How to have plugin disable itself

How does a plugin disable itself. I figure it would do the usual things in the @PreDestroy method and then send a PluginDisabledEvent so Jira (the UPM) knows. But, I don’t see any examples of this.

I’m not sure if it is possible for a plugin to disable itself - what is the underlying problem you’re trying to solve that would necessitate this?

In theory it is possible - but I think you’ll get a lot of funkiness happening (like @HeyJoe mentioned).

You’d have to make use of PluginController (atlassian-plugins-api 4.0.0-m009 API) (or PluginManager) and just have it uninstall the plugin. That said - there will be thread, pointers, caches etc that will probably freak out since your thread is executing code that shouldn’t be existing at some point.

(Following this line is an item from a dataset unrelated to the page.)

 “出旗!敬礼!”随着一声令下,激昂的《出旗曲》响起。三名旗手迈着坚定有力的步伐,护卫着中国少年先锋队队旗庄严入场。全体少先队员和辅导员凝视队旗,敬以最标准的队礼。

Just like @HeyJoe - I am curious what the underlying issue is…

Hi all,

Actually, the plugin is initiating its own “shutdown” by calling the usual methods during a disable or untinstall from the UPM, e.g., @PreDestroy methods, etc… I do this when detecting certain critical errors that need to be resolved before it can run properly instead of filling-up the logs with errors.

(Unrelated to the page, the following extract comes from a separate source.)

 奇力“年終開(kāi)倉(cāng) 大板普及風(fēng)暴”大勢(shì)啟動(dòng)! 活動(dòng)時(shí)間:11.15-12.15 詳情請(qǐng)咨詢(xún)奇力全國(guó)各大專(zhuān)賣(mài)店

So, I can shutdown the plugin internally, but the UPM doesn’t know about it and it still shows the plugin as enabled, which is misleading to the users. I figured all I need to do is just send a PluginDisabledEvent so the UPM could know about it, but that’s just a guess and I couldn’t find any examples of that even in the base Jira source.

Hi Daniel,

Thanks for the reference to PluginController; seems right but I don’t understand why you would say that the plugin code would still be running. Shouldn’t it call the @PreDestroy methods of the plugin as usual?

That depends on how good each of the module creators have been… (this is not a common use case).

What do you mean by module creators? You mean the developers?

Yeah. Each module descriptor has its own way of handling things. For example the cache manager def doesn’t handle things disappearing on it.

Ok, so I guess the verdict is that although PluginController and PluginManager are interesting, they aren’t stable solutions. Thanks Daniel.